4 Gedanken zu „Werbung oder lieber Paid Content?“

  1. Wenn ich mir das Original des Spiegels so betrachte – da scheint es insgesamt am Verständnis zu fehlen, wie Werbung tatsächlich funktioniert.

    Wenn mir ständig irgendwelche Sachen ins Gesicht springen, die mich in dem Moment nicht interessieren sondern mich auch noch vom Lesen dessen abhalten, das mich interessiert, will ich natürlich für ungestörtes Lesen sorgen – also installiere ich einen Pop-Up-Blocker. Werbung, die zu einem Thema passt und auch noch unaufdringlich dabei steht, könnte angeklickt werden, besonders, wenn damit ein informationeller Mehrwert verbunden ist. Wenn Leute sowieso schon nach etwas Bestimmten suchen, also ein Bedürfnis haben, ist die Werbung zum Suchwort dazu ein Mehrwert, kein Störfaktor. Das hat Google schon längst erkannt und deshalb funktioniert das auch so gut.

    Das gilt ja nicht nur für das Internet – wenn ich im Sommer mit hängender Zunge durch die Stadt marschiere und sehe eine Werbung für ein Eis, dann will ich das auch haben. Genau dieses, von dieser Marke. Im Winter interessiert mich das nicht die Bohne. Das heißt, ich habe ein Bedürfnis, die Werbung kann mir die Information bieten, wie ich dieses Bedürfnis stillen kann. Werbung kann keine Bedürfnisse erzeugen, nur den Bedarf z.B. auf eine bestimmte Marke lenken. Wer das kapiert hat, hat Erfolg damit.
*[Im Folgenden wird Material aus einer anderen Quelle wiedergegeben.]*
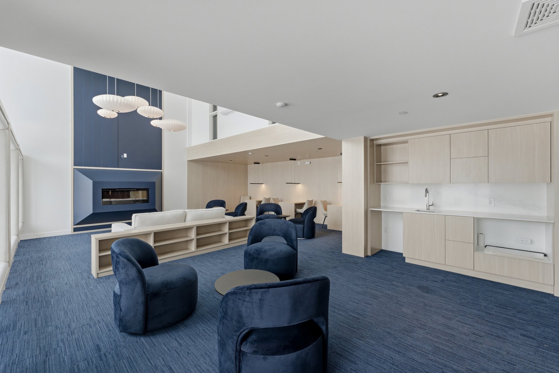 Common areas including a rooftop pool with BBQ terrace, full indoor gym, co-working space with WIFI, lounge and a 95 000 sqft courtyard that includes outdoor training space, bocce ball court, dog park, seating areas and communal garden.
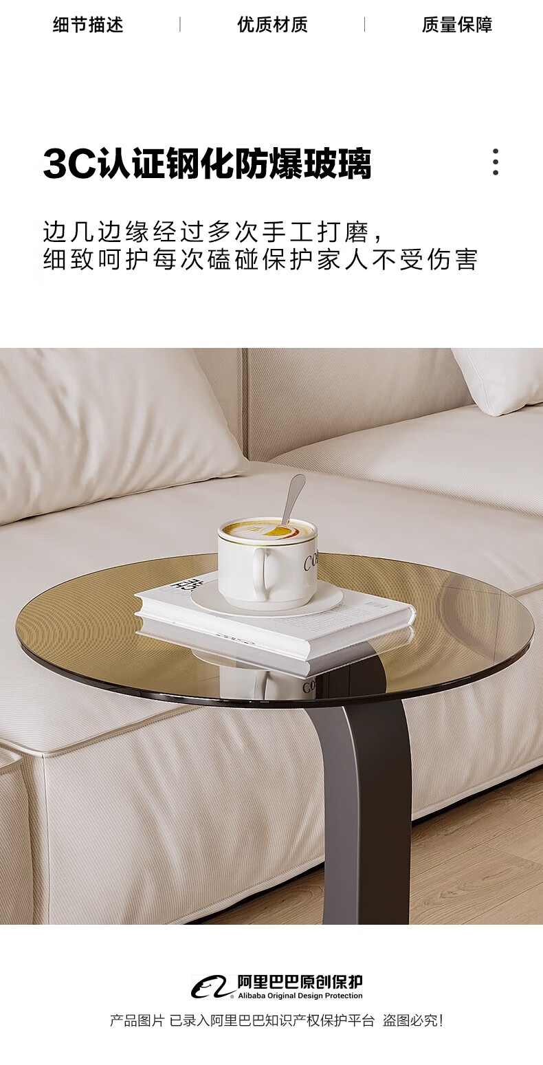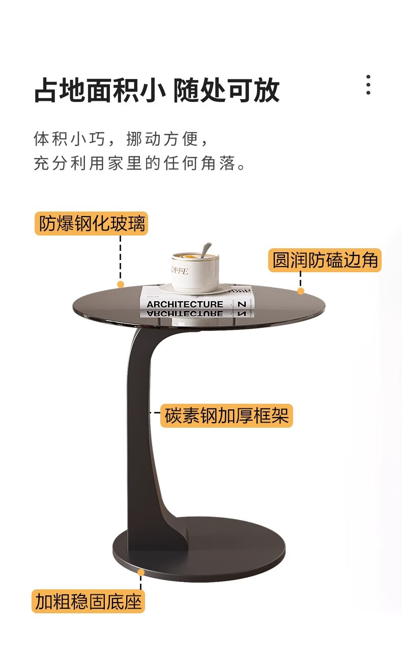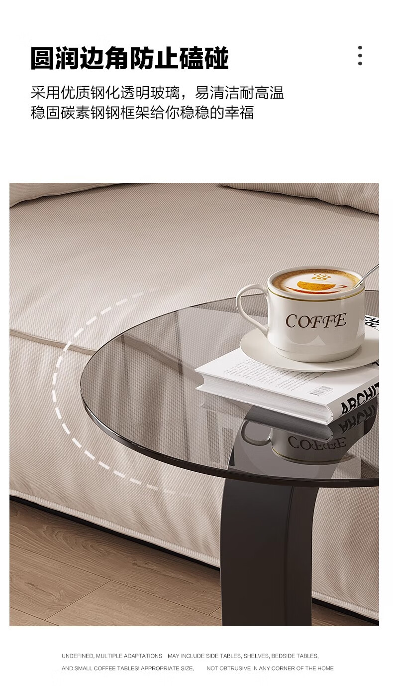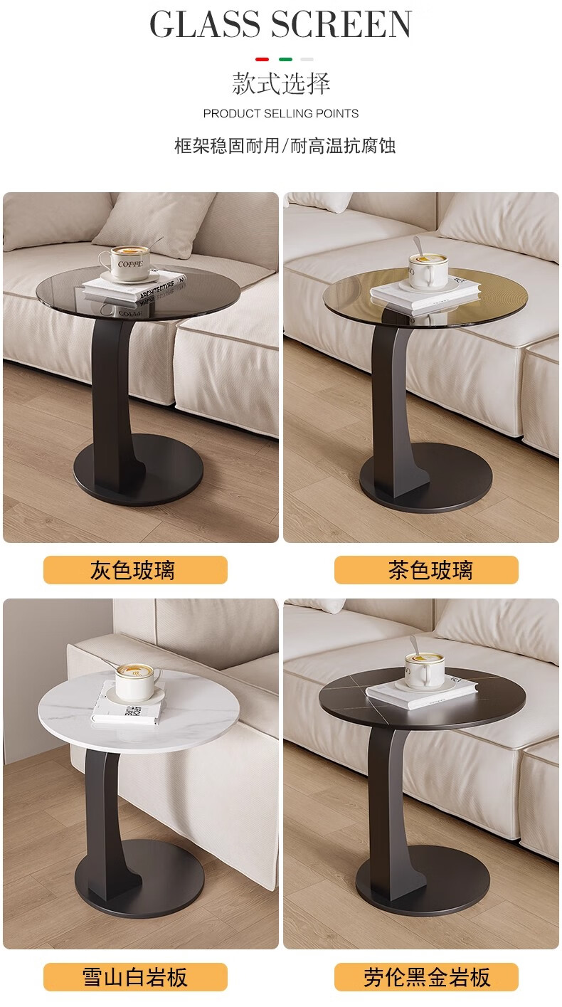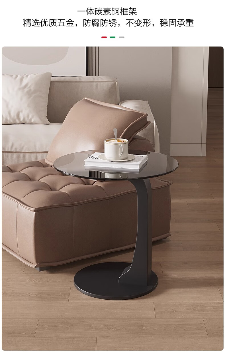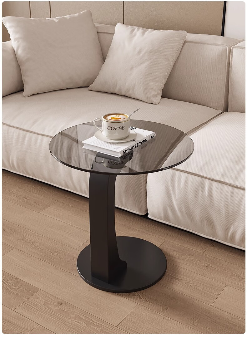 Sofa side table living room coffee table small table creative minimalist small round table glass corner table light luxury high-end side table black - diameter 60 height 50cm explosion-proof glass
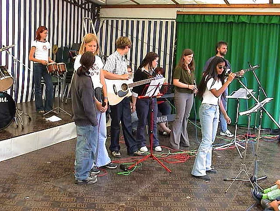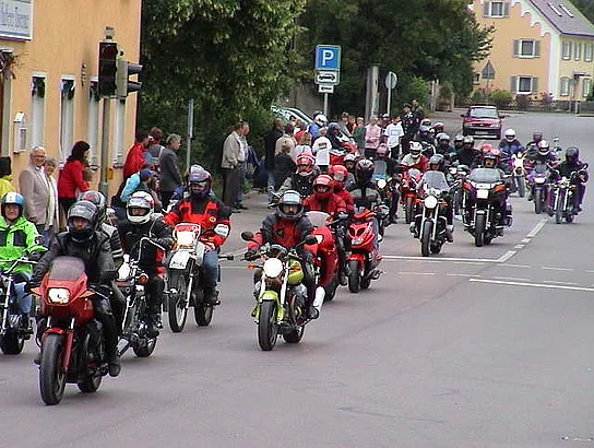 Bis zum Sonntagmorgen war es dann auch nicht wärmer geworden aber immerhin trocken geblieben. So fanden sich immerhin rund 300 Motorradfahrer zum Motorradcorso ein. Der anschließende Motorradgottesdienst wurde musikalisch von der Kolpingband Regenbogen aus Pfuhl gestaltet. Den Bezug zum Motorradfahren stellte Diakon Edwin Rolf in seiner Predigt her, indem er den Glauben mit den Einzelteilen eines Motorradhelms verglich. Das Visier gebe den Augen Schutz und klare Sicht, damit man Gefahren rechtzeitig erkenne und das Ziel nicht aus den Augen verliere. Wie ein guter Glaube gebe der Kinnriemen Sicherheit, enge aber nicht ein. So wie das Innenpolster Sicherheit gäbe, so seien auch manche harte Schläge nur durch den Halt im Glauben zu ertragen. Wie der Glaube, so gäbe auch die harte Außenschale Schutz und halte alles zusammen. Zur Vor- und Rücksicht mahnte Diakon Rolf mit den Worten: "Als Biker haben wir Pflichten, die unser Leben und das Leben der Anderen auf der Straße schützen sollen. Nach dem Gottesdienst ging es dann auf dem Festplatz richtig los. Die Country und Western-Band "smoke stack ligntnin´" aus Schwabach, die für die kurzfristig ausgefallenen "Cadillac Cowboys" eingesprungen war, legte zum Frühschoppen so richtig los und bot fetzige Musik vom Feinsten. Es war ihnen nicht anzumerken, dass sie quasi direkt aus dem Tonstudio von Aufnahmen für ihre neue CD losgefahren waren um rechtzeitig auf dem Marktfest auftreten zu können. Bis zum Mittag war das marktfest bis auf den letzten Platz gefüllt und as Publikum wartete gespannt auf die neue besondere Attraktion, den "Marktplatz der Talente". Das "Brett im Schtoi" hatte mit der Festgemeinschaft unbekannten und etwas bekannteren Pfaffenhofener Künstlern die Gelegenheit gegeben, sich einem größeren Publikum zu präsentieren. Volksmusikalisches präsentierte die Gruppe "Sparpaket" und heizte die Neugier auf das Folgende an. Moderiert wurde das ganz vom bekannten Pfaffenhofener Dichtertalent Klaus Maucher. Tierisch wurde es dann beim Manöver, wie es die Jugendgruppe St. Martin darstellte. Ruhige schöne, zum Teil selbst geschriebene Balladen sang Birgitt Neffe zur Gitarre. Dann mußte vor der Bühne Platz geschaffen werden, da die große Anzahl der Akteure auf ihr nicht den benötigten Platz gefunden hätte und die Musik wurde richtig rockig. Die Rockodiles vom Nikolaus-Kopernikus-Gymnasium, unter ihnen auch viele Pfaffenhofener Schüler, gaben akrobatischen Rock´n Roll Tanz zum Besten. Den Schwenk hin zum Klassischen schaffte der Auftritt der Jugendgruppe St. Martin. Mit lustigen Froschhandpuppen wurde ein Froschkonzert mit einer Arie aus Carmen veranstaltet. Eine kurze Umbaupause wurde erforderlich um den Auftritt der Schulband der Hermann-Köhl-Schule vorzubereiten. das Warten hatte aber gelohnt, mit heißen Rhythmen begeisterte sie das Publikum. Etwas ruhiger wurde es dann wieder bei der "Ballade vom Gesangsverein", der ja überall dabei sein müsse, egal ob Hochzeit, Taufe oder Beerdigung. Auch mit den restliche Strophen des Liedes nahm die Gesangsgruppe des Liederkranzes Pfaffenhofen das Gesangsvereinsleben und damit sich selbst auf die Schippe. Passend zum inzwischen wirklich schönen und warmen Wetter gaben die Damen Strobel und Störk einen Sketch von zwei Weibern, die sich am italienischen Strand über ihre Miturlauber auslassen, zum Besten. Den krönenden Abschluss bildete dann der Zirkus X. Mit gekonnten Jongladen, Feuerschlucken und Fakirkünsten brachten die jungen Künstler das Publikum zum Staunen. Die Mischung macht´s, so kann man wohl den Erfolg dieses Marktfestnachmittags am besten charakterisieren. Da dieser "Marktplatz der Talente" so gut ankam, ist mit einer Fortsetzung beim nächsten Marktfest zu rechnen. Inzwischen schon fast traditionell, spielte zum Festausklang die Musikkapelle Pfaffenhofen. Die meisten Essenstände meldeten schon lange vor Festende, dass sie ausverkauft seien, was bei dem hohen Besucherandrang auch nicht verwunderlich war. So gab es bei der Festgemeinschaft nur zufriedene Mienen.
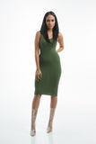 THE MYSTYLEMODE OLIVE KNIT RIBBED TANK MIDI DRESS

    Grüße vom Erfolgsblogger

  2. Da muss ich grad noch etwas dazu sagen. Um etwas über einzelne Themen zu lesen, muss ich oft lange suchen. Zeit ist immer knapp und das Internet wird immer größer und unübersichtlicher – etwas, das mir Zeit spart und mich mit gesammelten, authentischen Infos versorgt, womöglich auch interaktiv, das wäre mir schon Geld wert.

    Auch was journalistische Artikel angeht – Journalisten sind ja die Leute, die eigentlich diese Vielzahl von Informationen bündeln, Qualität sichern und Authentizität gewährleisten…sollten. Aber in der Hektik und angesichts sinkender Preise oft nicht können. Oder wollen.

    Und – hat sich denn schon jemand Gedanken über eine Ergänzung von Print und Online gemacht? Wie wäre das, wenn ich mir meine Zeitung selbst zusammenstellen könnte und die dann auch noch gedruckt am Frühstückstisch finde. Da würde ich, im Gegensatz zum Internet, gerne auch längere Texte lesen.

    Man müsste halt auch die Geschäftsmodelle anpassen an veränderte Gewohnheiten und neue Technologien – und, hoppla, schon wieder: die Bedürfnisse der Kunden.

    1. Hoppla, die selbst-zusammenstellbare Zeitung gedruckt am Frühstückstisch gibt es schon 😉 Online würde man es „Beta-Phase“ nennen, also im Moment erstmal Testphase und deswegen nur in Berlin verfügbar gibt es niiu. Review vom Digital Native gibts auch bereits hier.